Let’s talk about revenge, ok? They say it is best served cold (some famous guy said that, at least). My interpretation of “cold” is a closed heart and a sterile environment, blue tones and bleak ambiance. I think of The Bride in Kill Bill or Lisbeth Salander in The Girl with the Dragon Tattoo. I think Fincher or Wan. But director Heidi Moore’s version is a little different than that.

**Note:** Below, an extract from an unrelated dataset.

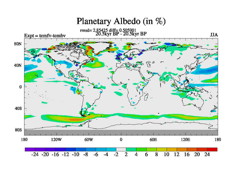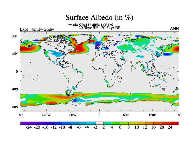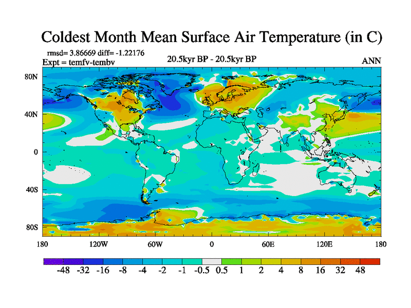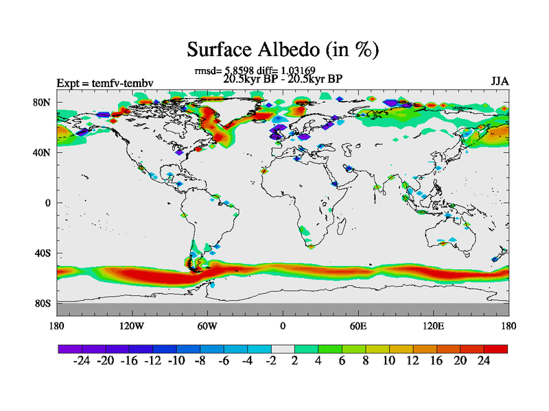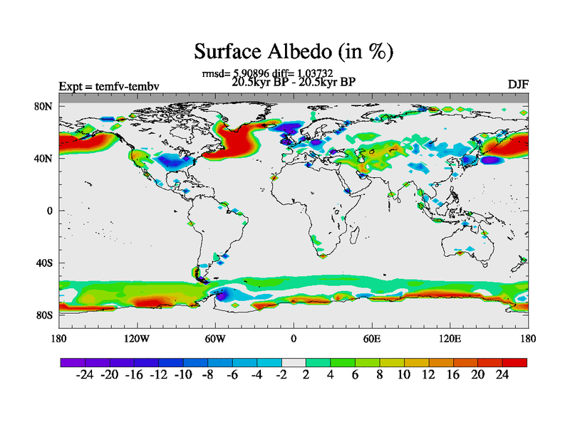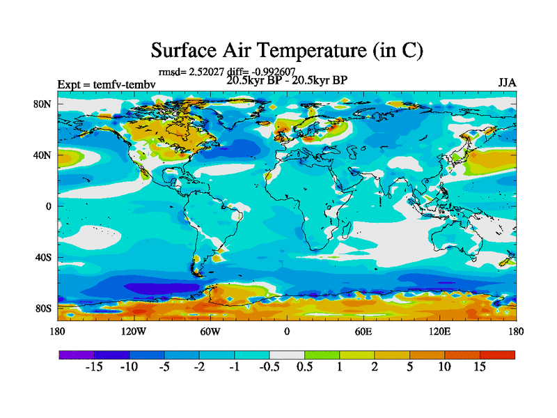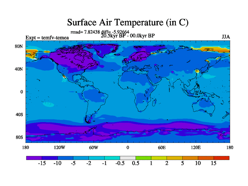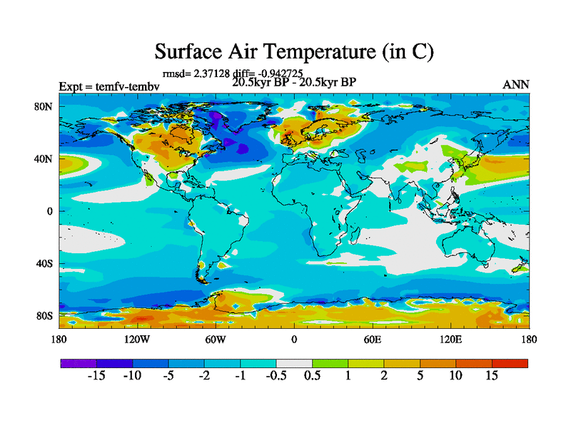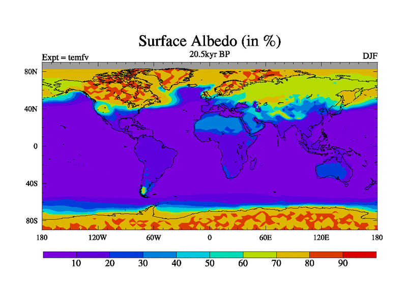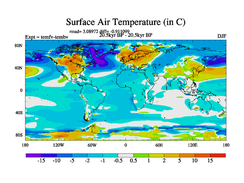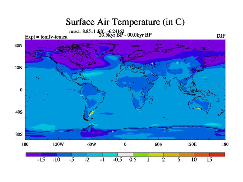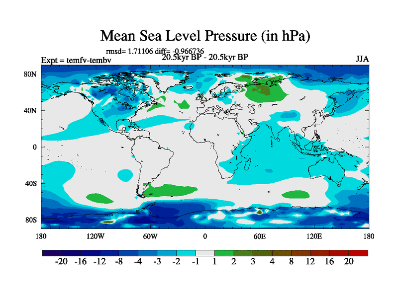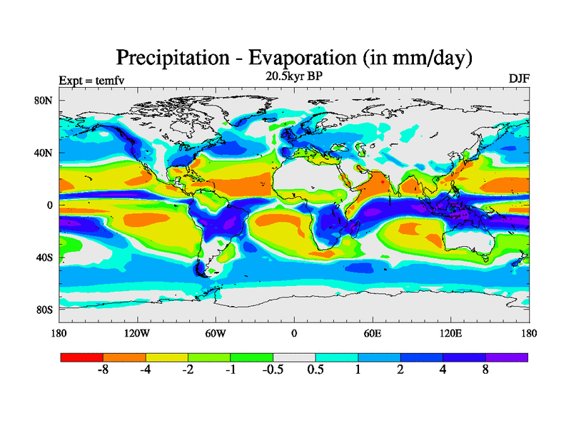 This is the 20.5 kyr BP simulation for a new set of deglaciation BBC runs using GLAC-1D and TRIFFID. Dynamic mode. No meltwater. Russian rivers routed to Med but only during height of glacial.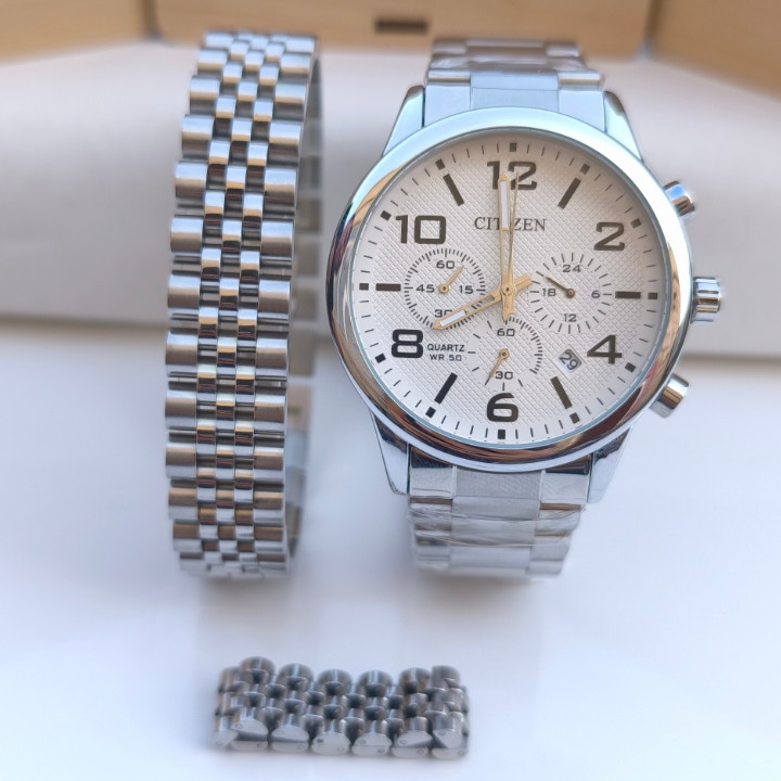ساعت دستبند انگشتر مردانه نقره ای ست سیتیزن

DOLLY DEADLY is truly a feast for the eyes. And I say feast literally because this film has some Harmony Korine-like gag inducing foodstuffs (ketchup spaghetti, anyone?). The hues, camera angles, sets, and cinematography are all insanely brilliant, nauseating, and frenzied (I almost wished to go colorblind by the finale). However, amongst the mania and gut busting humor lies a deep pathos, one of love, despair, and longing. Our protagonist Benji, an orphan since infancy, dearly misses his deceased mother and is a victim to his guardians - his trashy grandmother and her sugar baby boyfriend. His mother may have smoked cigarettes in front of him, drank her “mommy juice,” and fed him Doritos, but she loved him and loved their doll collection. As Benji grows, he becomes attached to the dolls, as they are his only connection to his lost mother and his only companions. He tap dances for his glass-eyed audience, baptizes their plastic sins away, and performs a grotesque, make believe magic show complete with top hat and a bloody Indian basket trick. But with this behavior comes hellish consequences from the rotten world he lives in. And everyone has a snapping point.
This film, amongst the grotesque and stunning imagery, also hits us with gut-wrenching social commentary of current times. The issues of bullying and gender roles are not nuanced, but exquisitely smashed in the narrative like birthday cake.